Guarda e não esquece, em particular, episódios da transição de Sampaio de edil para chefe de Estado. A chamada "operação Falcon", nome de código entre os seus mais próximos para descrever o projeto presidencial, nasceu de um atraso no trânsito de Paris. Em 1995, numa das suas viagens enquanto autarca europeu, Sampaio apercebe-se de que vai mesmo perder o avião. Um dos assessores sugere que se telefone para a TAP, pedindo que se mande atrasar a descolagem. Sampaio recusa terminantemente. Laplaine brinca que com um Falcon à espera talvez fosse mais fácil. Sampaio, humorado, responde à provocação: "Tratem lá disso então". E, de facto, um ano depois, trataram.

No mundo partidário, a travessia entre cargos também reúne peripécias. Quando Cavaco Silva assume a sua primeira candidatura a Belém, o CDS, ainda de Monteiro, hesita em apoiar o ex-primeiro-ministro. Não só por nunca ter feito parte dos seus governos, mas pela forte veia anti-cavaquista de alguns dos seus protagonistas. Laplaine, que havia declarado apoio público a Sampaio num artigo publicado neste jornal, organiza um jantar em sua casa com Manuel Monteiro, António Costa e Jorge Sampaio. Desse jantar saiu a liberdade de voto dos militantes do CDS para essas presidenciais. Monteiro não apoiaria ninguém.

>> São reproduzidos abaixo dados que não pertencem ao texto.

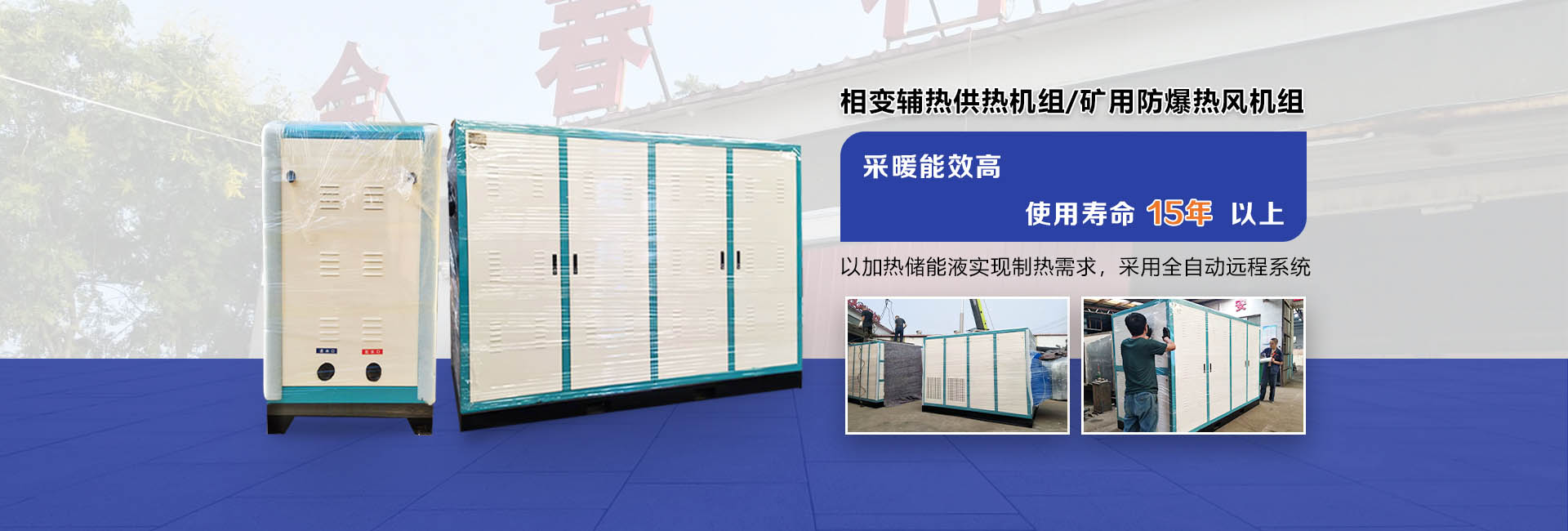 • 多年專注生產相變輔熱供熱機組、礦用防爆熱風機組,可代替燃煤、燃油、燃氣鍋爐

O episódio talvez mais simbólico e menos conhecido é o da audiência de Sampaio no Vaticano, com João Paulo II. Se os Papas não recebem presidentes de Câmara, Sampaio foi convidado como presidente de uma das organizações internacionais dedicadas à política local. No momento em que entraram no gabinete do Papa, com autorização apenas para duas pessoas, Sampaio fez questão de levar consigo Laplaine Guimarães, conhecendo a sua fé.

Um gesto de amizade e, sobretudo, de um homem bom.